A collection of implementations useful for building recommender systems. Key methods: matrix factorization, regression, collaborative filtering, evolutionary algorithm
You are a visiting Professor in the first and only University of Mars, which admits exclusively
Martians (off-planet tuition would be too expensive for Earthlings anyway). You have joined the
Department of Astronomy and are in charge of teaching Astrometrics. Unfortunately the
university is quite overcrowded and each semester there are close to 13,000 martian students
that take Astrometrics.
Given the size of your class, and a disturbing lack of teaching assistants, you are forced to limit
the number of questions given to each student on the mid-term exam to only five multiple choice
questions. To further complicate matters the department head has mandated that all test
questions be pulled from a bank of approximately 400 “approved” test questions. To increase
the robustness and ease of creation of your midterm exam you decide to randomly and
uniformly choose 5 questions from the question bank for each student. This means that each
student’s exam consists of disjoint, intersecting, or identical sets of 5 questions.
To assist you with running such a large class, the university has provided you with last year’s
student performance data (where the professor created exams using a process similar to your
own). Additionally, the department head has admitted to you that she thinks that not all the
questions in the “approved” question bank are actually useful for evaluating each student’s
relative understanding of Astrometrics. She also warns you that while it is OK not to use all the
questions from the bank, you must, at minimum, use 50% of them in order to achieve sufficient
coverage of the curriculum.
With the mid-term exam only a few days away, which questions should you exclude from the
exam generation algorithm such that the exam results will provide the most meaningful ranking
of the students in the class? Why? Please explain both your reasoning and methodology; also,
please include any code you used to generate your results. Finally, please include an estimate
of the time you spent solving this problem. Note: when solving this problem you may not use
Matlab or Octave and we discourage the use of R.

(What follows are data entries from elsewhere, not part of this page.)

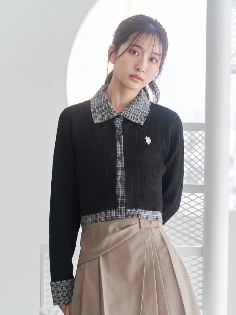 U.S. POLO ASSN.別注コラボシャツレイヤード風ケーブルカーディガン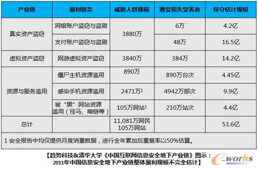 隨著中國互聯(lián)網的快速發(fā)展,中國互聯(lián)網網民在上網期間則頻繁地遭遇到安全威脅。報告對中國互聯(lián)網信息安全地下產業(yè)鏈進行了一次廣泛且深入的結構性調查與實證數(shù)據(jù)分析,全面揭示了中國地下產業(yè)鏈的當前情況、內部特征以及發(fā)展趨勢。據(jù)報告顯示:在2011年,由中國互聯(lián)網信息安全地下產業(yè)鏈的總體贏利規(guī)模已超過50億元人民幣,監(jiān)測到地下黑市參與者超過9萬人。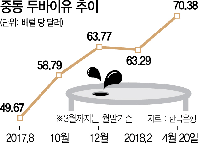 23日、韓国石油公社ペトロネットによると、20日ベースでドバイ原油の価格はバレル当り70.38ドルを記録した。 国際原油価格基準物のブレント油とウエスト・テキサス・インターミディエート(WTI)先物価格は最近、それぞれバレル当たり74ドル、68ドルを上回り2014年11月以降最高水準に到達した。 40ドル台を行き来していた昨年夏と比較すると、すべて60%以上値上がりしたわけだ。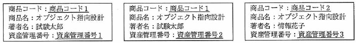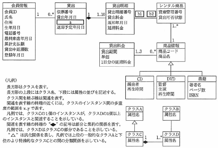 問05 4問選択レンタル業務システムの設計に関する次の記述を読んで,設問1〜3に答えよ。 E社は,レンタル業務システムを利用して,CD,DVD,書籍などの貸出し用の 各種資産(以下,レンタル商品という)をレンタルするサービスを行っている。 レンタル業務システムによるレンタル業務の概要は,次のとおりである。 〔レンタル業務の概要〕 (1) 会員登録の手順 A レンタル業務システムは,利用希望者に会員 ID を割り当て,会員 ID が 印字された会員カードを発行する。会員情報の属性である登録年月日と 最終来店年月日に本日日付を,累計支払額と貸出中延滞数に初期値として 0 を登録する。 ここで,累計支払額は会員登録時からの支払額の累計(延滞料金を含む)であり, 貸出中延滞数は現時点で返却予定年月日を過ぎているレンタル商品の件数である。 B 担当者は,レンタル業務システムから発行された会員カードを利用希望者に渡して, 会員登録が完了する。 E社は,全てのレンタル商品のそれぞれに,一意となる識別子として資産管理番号を 割り当てている。また,同じ種類のレンタル商品の情報(以下,商品情報という)ごとにも 一意となる識別子として商品コードを割り当てている。 図1は商品名が“オブジェクト指向設計”である3冊の書籍のレンタル商品に対して, 資産管理番号を三つ,商品コードを二つ,それぞれ割り当てた例である。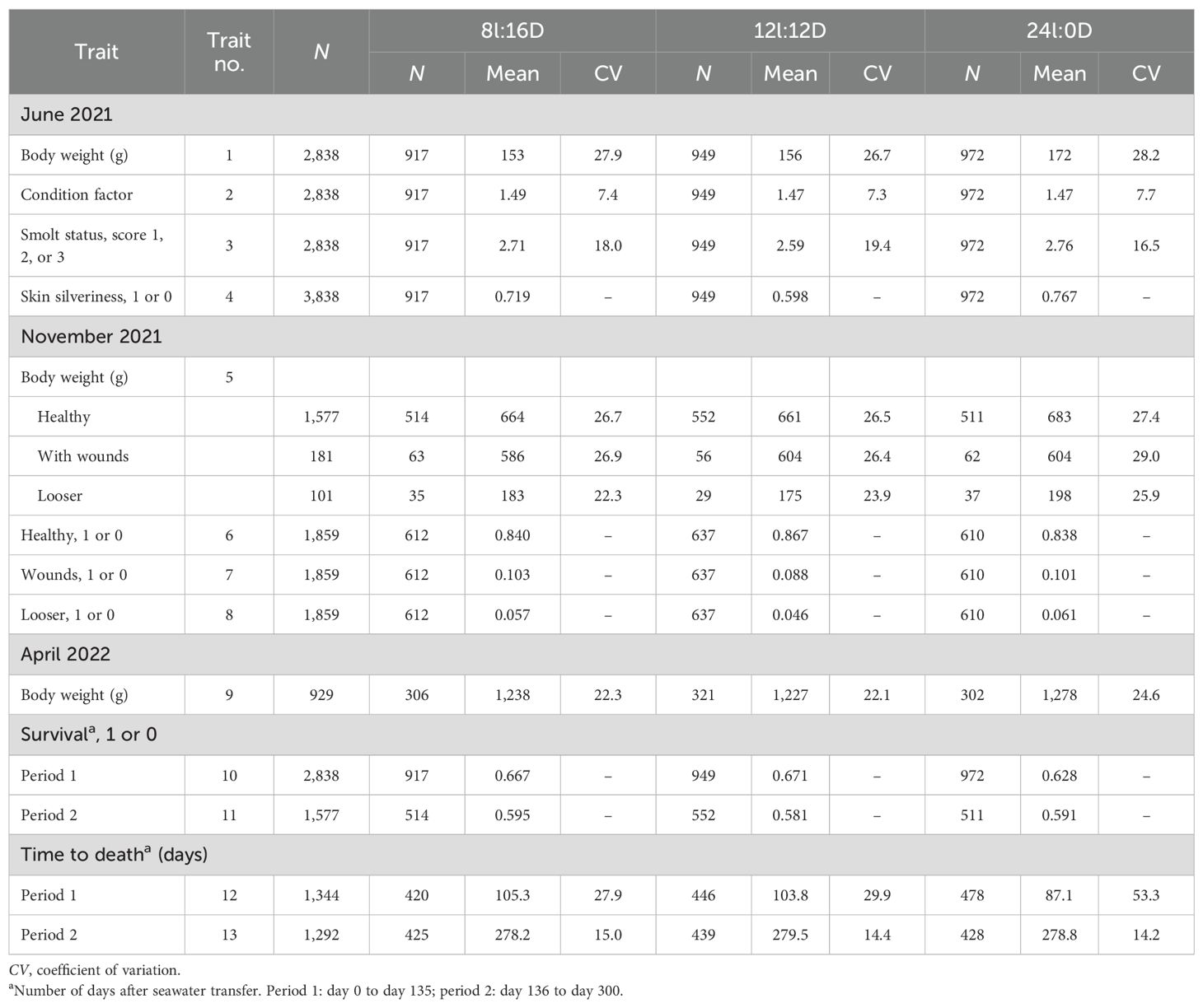 Methods: A total of 3,000 Atlantic salmon pre-smolts from 100 families were tagged with passive integrated transponders (PIT) and distributed across six tanks, with duplicated tanks exposed to a different light regime: 6 weeks on 8-hour light (L)/16-hour dark (D), 12L:12D, and 24L:0D, followed by 6 weeks on 24L:0D. One week prior to seawater transfer in June 2021, body weights and external smolt status were recorded. Body weights, wounds, and losses were recorded 135 days after seawater transfer in November 2021, and body weights were recorded again 300 days after seawater transfer in April 2022. A binary survival trait was defined for the seawater periods: Period 1 (day 0 to day 135) and Period 2 (day 136 to day 300), along with the time to death for the fish that were collected as dead.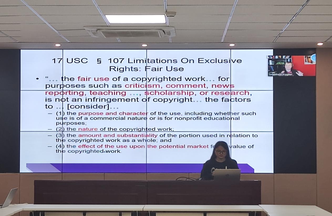 本次报告的主题为:知识产权法的基本实践认知(Basic Practical Knowledge of Intellectual Property Law),介绍了美国保护知识产权的主要法律体系(即专利法、商标法、著作权法和商业秘密法)以及这些体系背后的关于竞争行为的相关政策,旨在让学生了解知识产权法的基本实践知识,培养学生对知识产权法相关问题的分析与评估能力。会后MATTHEW B.KUGLER教授详细地回答了学生们提出的问题。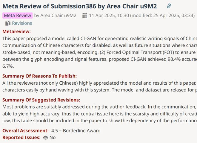 值得一提的是,这篇论文在Meta Review阶段,和的分数一样,都是4.5(Borderline Award)。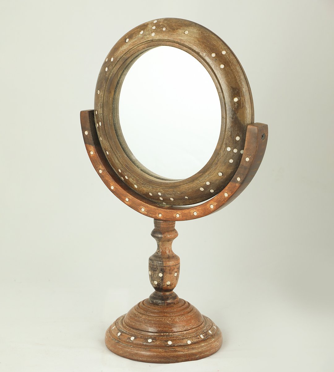 Wooden mirror stand is used to see ourself. Worthy vintage mirror stand made for women and man can also use is also used to decorate home. Made of pure wood. The original beauty enhances the vibes into a superior one. Everyone has their favourite one to choose from. We have brought you this mirror item. Its shape looks ancient glory. Gifting material to mothers, relatives, female friends and dear ones. Grab it now.

The data set you are given by the department has one record per line, where each record
consists of:
1. A unique identifier for a question
2. A unique identifier for a student
3. The correctness of a student's response. A correct answer is marked as a 1; an incorrect
response is marked as a 0
astudentData.csv
This problem can be formulated by a ‘rating matrix’ where rows correspond to students,
columns correspond to questions, and each cell represents how a student responds to
a given question. Similar to the missing-value scenarios in movie rating predictions,
each student is unlikely to have answered all quesitions but only a small subset of them.
Given a historical record on student’s response to a set of questions, we will first
infer from the data (see astduentData.csv) how students would respond to questions they
have never encountered before; this will lead us to a full rating matrix (or more precisely,
a question response matrix).
This demo uses two regression-based collaborative filtering (CF) algorithms to infer this
question response matrix, which allows us to subsequently establish the notion of
“question similarity” based on the response each question received from the students. The
resulting simialrity matrix is then served as the basis for the (question-)cluster analysis
and for deriving the optimal question assignment policy using genetic algorithm.
For further details, please refer to this documentation.
I. System Requirements
(a) The code was implemented in Python 2.7 on Mac OS X 10.7 platform.
(b) Required packages: numpy, scipy, matplotlib, PIL (for visualizing similar questions and
users).
II. Related Modules
1. cofi.py is the main entry of the code. Most of the modules include tests and a "main"
function that demonstrate main features and their usage.
2. The file set {cluster1.py, cluster2.py, cluster_util.py, similarity.py, multidim_scaling.py}
deals with clustering algorithms and data visualization (for the purpose of identifying
similar questions).
3. The file set {evoluation.py, cofi.py} contain the code for running genetic algorithm
(fitness function is defined in cofi.py whereas the main genetic optimization algorithm
is implemented in evolution.py.
Note that most of the key subroutines are organized in cofi.py for the purpose of this demo.
The file set {cofi.py
, cofi_ref.py
} implements both types of collaborative filtering algorithms i.e.
i) weighted averaging with similarity matrix and ii) a latent-factored based model that can be solved via
matrix factorization or via regression. Lastly, minimizer.py
implements Polack-Ribiere flavour of
conjugate gradients. The rest of the files mostly contain helper functions.